Work to complete
Further down are entries; set down exactly and only the lines from the one with "No trecho de" up to and including the one with "目前我國(guó)專(zhu", dropping each picture.

Available records
§ §

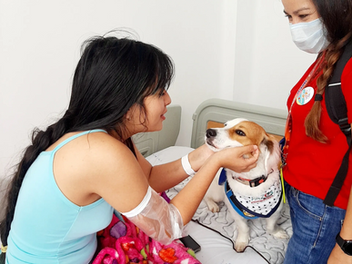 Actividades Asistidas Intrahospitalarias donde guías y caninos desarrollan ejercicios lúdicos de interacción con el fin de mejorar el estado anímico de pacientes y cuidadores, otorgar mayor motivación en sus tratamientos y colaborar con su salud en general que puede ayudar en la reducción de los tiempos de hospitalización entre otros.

§ §

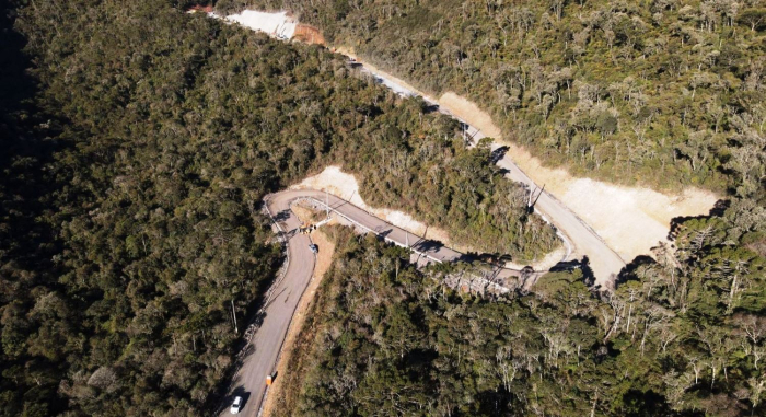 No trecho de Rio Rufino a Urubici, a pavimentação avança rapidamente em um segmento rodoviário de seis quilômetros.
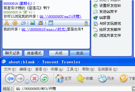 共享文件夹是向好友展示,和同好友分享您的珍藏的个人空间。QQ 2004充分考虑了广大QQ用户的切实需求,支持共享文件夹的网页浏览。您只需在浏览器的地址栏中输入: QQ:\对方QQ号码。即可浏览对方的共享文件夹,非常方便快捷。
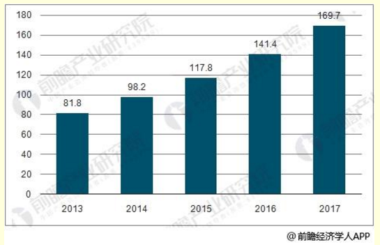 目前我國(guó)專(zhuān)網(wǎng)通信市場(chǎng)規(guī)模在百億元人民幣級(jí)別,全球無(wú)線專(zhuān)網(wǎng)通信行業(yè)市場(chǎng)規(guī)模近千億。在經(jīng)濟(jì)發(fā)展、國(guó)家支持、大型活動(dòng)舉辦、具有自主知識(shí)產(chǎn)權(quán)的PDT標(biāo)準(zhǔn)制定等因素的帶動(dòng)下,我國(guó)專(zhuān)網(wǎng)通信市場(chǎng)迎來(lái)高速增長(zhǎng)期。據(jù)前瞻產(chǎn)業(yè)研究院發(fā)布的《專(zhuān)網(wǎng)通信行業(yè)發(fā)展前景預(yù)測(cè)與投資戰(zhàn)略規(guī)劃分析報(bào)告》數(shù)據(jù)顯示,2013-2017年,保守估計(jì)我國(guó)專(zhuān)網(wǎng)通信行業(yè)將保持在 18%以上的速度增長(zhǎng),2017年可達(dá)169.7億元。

§ §

Exercise result
 No trecho de Rio Rufino a Urubici, a pavimentação avança rapidamente em um segmento rodoviário de seis quilômetros.
 共享文件夹是向好友展示,和同好友分享您的珍藏的个人空间。QQ 2004充分考虑了广大QQ用户的切实需求,支持共享文件夹的网页浏览。您只需在浏览器的地址栏中输入: QQ:\对方QQ号码。即可浏览对方的共享文件夹,非常方便快捷。
 目前我國(guó)專(zhuān)網(wǎng)通信市場(chǎng)規(guī)模在百億元人民幣級(jí)別,全球無(wú)線專(zhuān)網(wǎng)通信行業(yè)市場(chǎng)規(guī)模近千億。在經(jīng)濟(jì)發(fā)展、國(guó)家支持、大型活動(dòng)舉辦、具有自主知識(shí)產(chǎn)權(quán)的PDT標(biāo)準(zhǔn)制定等因素的帶動(dòng)下,我國(guó)專(zhuān)網(wǎng)通信市場(chǎng)迎來(lái)高速增長(zhǎng)期。據(jù)前瞻產(chǎn)業(yè)研究院發(fā)布的《專(zhuān)網(wǎng)通信行業(yè)發(fā)展前景預(yù)測(cè)與投資戰(zhàn)略規(guī)劃分析報(bào)告》數(shù)據(jù)顯示,2013-2017年,保守估計(jì)我國(guó)專(zhuān)網(wǎng)通信行業(yè)將保持在 18%以上的速度增長(zhǎng),2017年可達(dá)169.7億元。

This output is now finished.